О войне в 1914 году не думал почти никто. Общество было убеждено, что война, в которой в итоге погибло больше 10 миллионов человек, в современных условиях попросту невозможна

Теперь пару слов о сараевском убийстве. Стрелявший в наследника Гаврило Принцип был сербом только по национальности. Как и убитый им эрцгерцог, он был подданным одного и того же государства — Австро-Венгрии. А в результате в убийстве одного австро-венгерского подданного другим виноватой оказалась Сербия. Которой была объявлена война и за которую была вынуждена вступиться Россия. Да, организация, в которой служил террористом несчастный Гаврило, — «Млада Босна» — боролась за воссоединение Боснии с Сербией. Но при этом от Белграда она получала разве что моральную поддержку: у нищей Сербии попросту не было средств на что-то большее. Тем более что в тот конкретный момент Сербии вообще было крайне невыгодно ссориться ни с могущественной Австро-Венгрией, ни с кем бы то ни было. После закончившихся за год до этого двух балканских войн сербская казна была пуста, а в армии не хватало ни оружия, ни боеприпасов для новых противостояний с кем бы то ни было. Но в тот момент никакие доводы не сработали, поскольку их просто никто не хотел слышать. Ситуации, когда целые государства становились ответственными за преступления и проступки своих даже не граждан, а соплеменников, с тех пор стали делом обыденным. Но особенно в последние годы. Достаточно вспомнить конфликт России и Запада из-за событий на Украине и в Сирии. Да и в историях со Скрипалями и вмешательством в американские выборы тоже при желании можно найти отголоски сараевского убийства.

Иллюстрация: Getty Images
Иллюстрация: Getty Images

Отдельный урок из событий вековой давности должна извлечь наша страна. В отличие от остальных великих держав той эпохи, у России было меньше всего причин для вступления в войну. На ее территорию никто не посягал, страна не страдала от нехватки ресурсов. Мало того, многие прозорливые сановники пытались убедить Николая II остаться в стороне от схватки Германии с Великобританией и Францией. Или, по крайней мере, выждать еще пару лет. Так, влиятельный министр внутренних дел Петр Дурново за полгода до начала войны предупреждал царя о пагубности войны, означавшей, по его мнению, революцию и гибель династии и императорской России. Дурново был не одинок в своих воззрениях. Против вступления России в войну был даже Григорий Распутин. Однако Николай II предпочел остаться верным обязательствам перед союзниками. Определив тем самым как собственную судьбу, так и судьбу своей страны на многие десятилетия вперед.

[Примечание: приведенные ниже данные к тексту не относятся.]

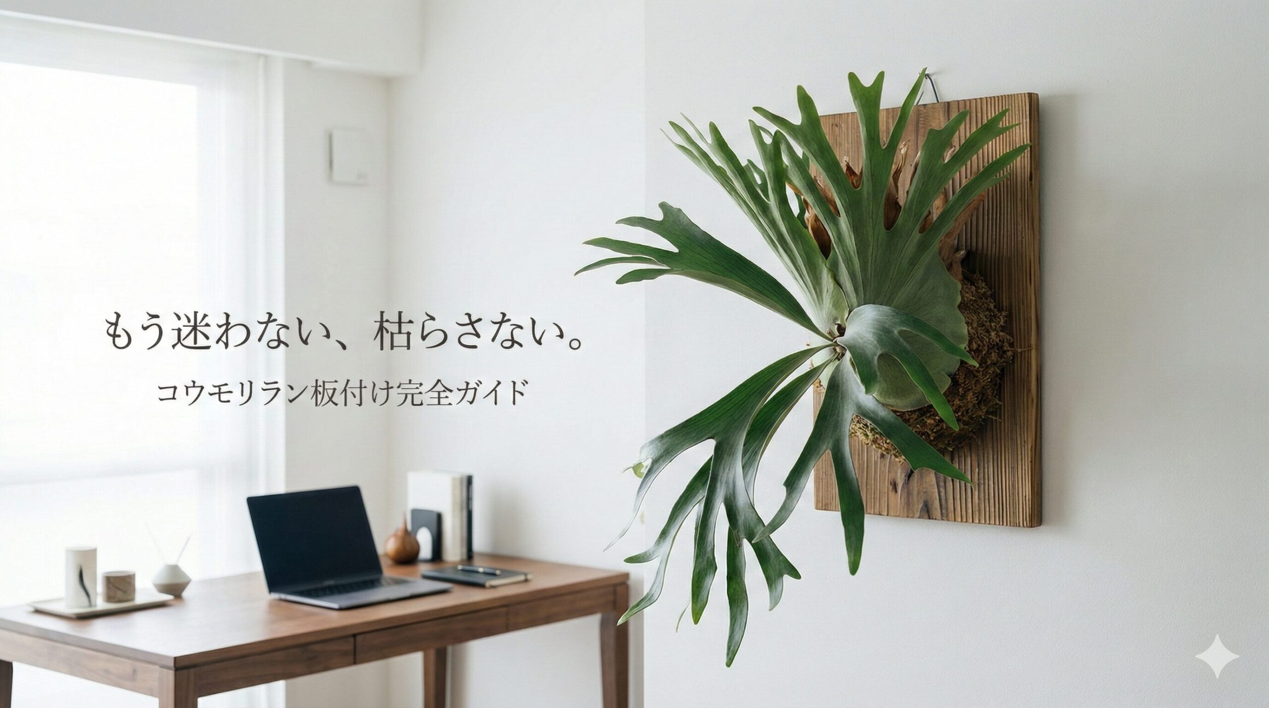 InstagramやPinterestで見かけた、壁に美しく飾られたコウモリラン。その「板付け」の姿に一目惚れして、雑貨屋で小さな鉢植えを買ってみたものの、いざ目の前にすると「どうしていいかわからない」と立ち止まっていませんか?

Второй урок касается оппозиции. Ненависть к «кровавому режиму» среди самых разных политических сил была столь всеобъемлющей, а желание сменить его в результате революции — столь притягательной идеей, что это привело в конце 1916 года к фактическому объединению некогда непримиримых политических противников. В итоге выяснилось, что за спиной у царя нет ни одной политической силы консервативного толка, способной стать ему опорой. И в момент, когда Россия, казалось, не просто восстановила потерянную в первые годы войны территории, но и собственными силами нарастила мощь армии до уровня, позволявшего практически в одиночку выиграть войну уже в 1917 году, произошла «долгожданная революция». Завершившаяся братоубийственной войной и десятилетиями уже настоящего кровавого правления большевиков. Параллели с сегодняшним днем здесь, конечно, напрашиваются, но это тот случай, когда выводы каждый делает сам.